Behavioural science has studied the relationship between language and behaviour for decades. Two people may use the same words while expressing different intentions, while different phrases may serve the same behavioural function. For example, “I didn’t mean it like that” and “You’re overreacting” can both shift focus away from the impact of a behaviour, even though they sound different on the surface. In some cases, these responses may signal defensiveness or avoidance, while in others they may be part of an attempt to clarify intent. The meaning depends on what happens next, such as whether the person acknowledges the impact, takes responsibility, or adjusts their behaviour.

In gaming spaces, this distinction becomes especially important because interactions are fast, emotional, competitive, and highly contextual. If a player repeatedly pings teammates or sends rapid messages during a match, excitement, urgency, frustration, confusion, competitive pressure, or coordination may all explain the same behaviour. Felixa therefore studies what happened beforehand, such as a missed objective, a team mistake, or a sudden threat. It then examines what followed, whether the behaviour appeared again across matches, and whether it changed after team response or feedback. Behaviour becomes understandable through context, consequence, and recurrence within the gaming environment.

The Behavioural Reasoning Engine

Felixa applies this reasoning process through the Behavioural Reasoning Engine, or BRE. Each time new interaction data appears, the engine follows a structured sequence of decisions. It identifies the observable behaviour, considers what function that behaviour may serve, generates competing explanations, evaluates what supports or weakens each explanation, and identifies what information remains missing. When uncertainty remains high, BRE determines which interaction would provide the most useful clarification. New evidence then updates confidence, allowing the assessment to evolve as behaviour unfolds.

A language model can generate answers from patterns in text. A behavioural reasoning framework determines which evidence matters, how competing explanations are evaluated, when confidence should change, and what information should be gathered next.
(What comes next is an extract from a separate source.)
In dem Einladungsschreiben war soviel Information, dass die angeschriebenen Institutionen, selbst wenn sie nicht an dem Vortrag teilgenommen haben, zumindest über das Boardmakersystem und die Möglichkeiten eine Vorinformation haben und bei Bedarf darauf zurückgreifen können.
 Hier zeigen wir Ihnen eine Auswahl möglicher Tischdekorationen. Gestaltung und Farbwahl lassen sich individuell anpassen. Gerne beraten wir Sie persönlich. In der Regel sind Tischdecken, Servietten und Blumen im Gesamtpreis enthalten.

The language model provides the linguistic capability, whereas the reasoning framework provides the scientific method.

To illustrate this process, consider a pre toxic pattern we call Accountability Avoidance. A player loses an objective and immediately blames a teammate. In another match, the same player explains that lag caused the mistake. Later, they argue that the team strategy was poor. Each explanation may sound reasonable on its own because every match presents different circumstances. BRE looks for the behavioural function across these events. Does responsibility consistently move away from the player’s own behaviour? Does cooperation decline after feedback? Does the same sequence appear across different teammates, maps, and game situations?

This reasoning can be represented conceptually as Confidence(t + 1) = Confidence(t) + Evidence Update. This is a simplified expression of the framework rather than the full technical model. Each new interaction updates confidence because supporting observations strengthen one explanation, while contradictory observations support another. A single explanation never defines the player. The behavioural trajectory becomes clearer as interactions accumulate, and Dynamic Behavioural Assessment follows this evolving process by updating confidence as new evidence appears.
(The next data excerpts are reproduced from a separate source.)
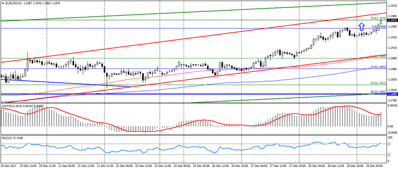 На «тонкому ринку» пара EUR/USD продовжила зміцнення, що було викликано загальним зниженням американця. В результаті, вчорашні очікування по оновленню рівня опору на 1.1950-60 виправдалися.
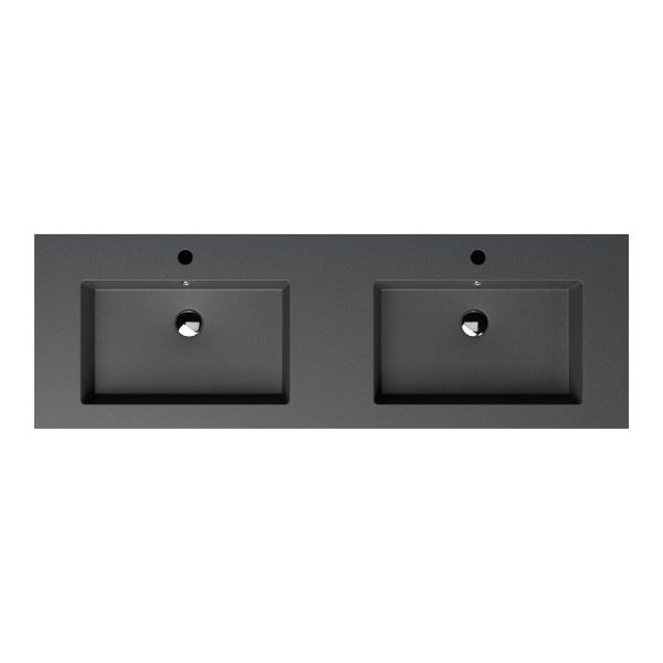 | Bellanti Solo/Esta-Q badmeubel 140x46 2 softclose laden wit mat greeploos polystone wastafel dubbel mat grijs met 2 kraangaten |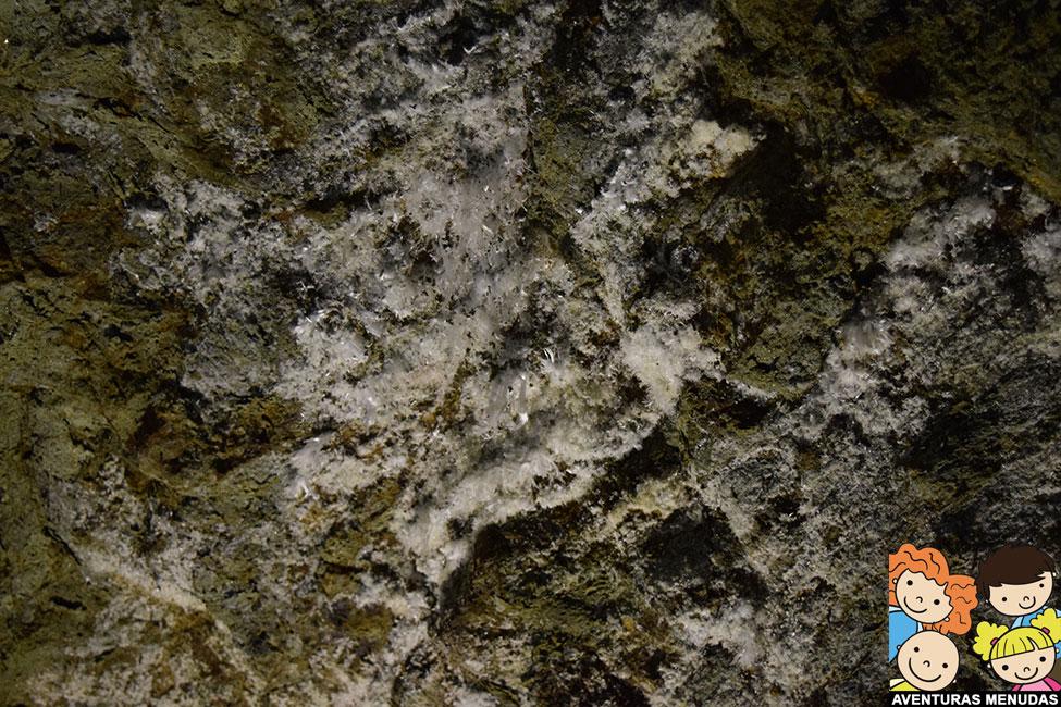 A continuación, el guía nos dirige dentro de la mina. Vamos pasando por diferentes estancias, donde se ve cómo se extraía el mineral, en este caso la pirita, como se transportaba con vagonetas de una zona a otra, como se sacaba al exterior, etc.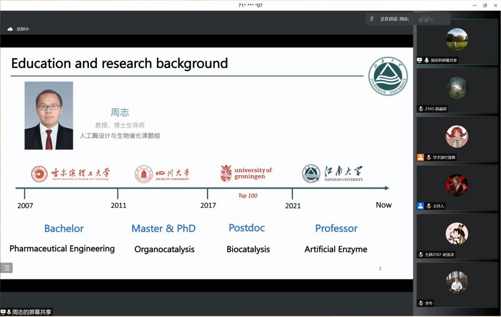 主讲人周志教授,于2021年加入江南大学开展独立科研工作,主要研究方向为新型人工酶设计与催化,致力于发展酶催化的非天然反应研究。至今以第一或通讯作者身份在国际著名期刊Nature Catalysis, Nature Chemistry,ACS Catalysis, Angew. Chem. Int. Ed.等上发表研究论文数篇。目前负责“合成生物学”重点专项青年项目子课题一项。

A gaming interaction may suggest conflict escalation after feedback. The system examines whether the player responds to team mistakes with coordination, blame, withdrawal, provocation, or repair. It also studies whether the same response appears after different types of frustration, whether teammates become less cooperative afterwards, and whether the behaviour changes after a prompt, warning, or team response. When information remains incomplete, BRE can generate a short intervention that fits the context and helps clarify or redirect the interaction. The next response becomes new interaction data, which helps the system refine the pattern.

This approach makes behaviour measurable because every conclusion remains connected to observable actions. Felixa evaluates interaction data, confidence levels, recurring sequences, and changes over time. The system is designed to reduce false positives by avoiding conclusions from single messages, weighing competing explanations, tracking disconfirming signals, and updating confidence when repeated data supports a pattern. This framework can be validated through expert coding, future interaction outcomes, user reported experience, and measurable behavioural change.

From Gaming to Behavioural Intelligence

Gaming spaces provide a strong first environment for this technology because they contain interaction under pressure. Players cooperate, compete, react to failure, manage frustration, protect status, follow group norms, and respond to feedback in real time. These conditions generate rich signals that can reveal how players communicate after mistakes, how teams recover after conflict, how leaders influence group tone, and how harmful dynamics begin before they become obvious to moderators. By identifying these trajectories early, Felixa can provide timely support and help communities respond while behaviour remains easier to change.

The same reasoning process can support social platforms, workplaces, schools, customer service, leadership development, healthcare, and coaching because each setting depends on ongoing human interaction. BRE studies how people respond to feedback, disagreement, cooperation, boundaries, uncertainty, stress, and emotional situations across time.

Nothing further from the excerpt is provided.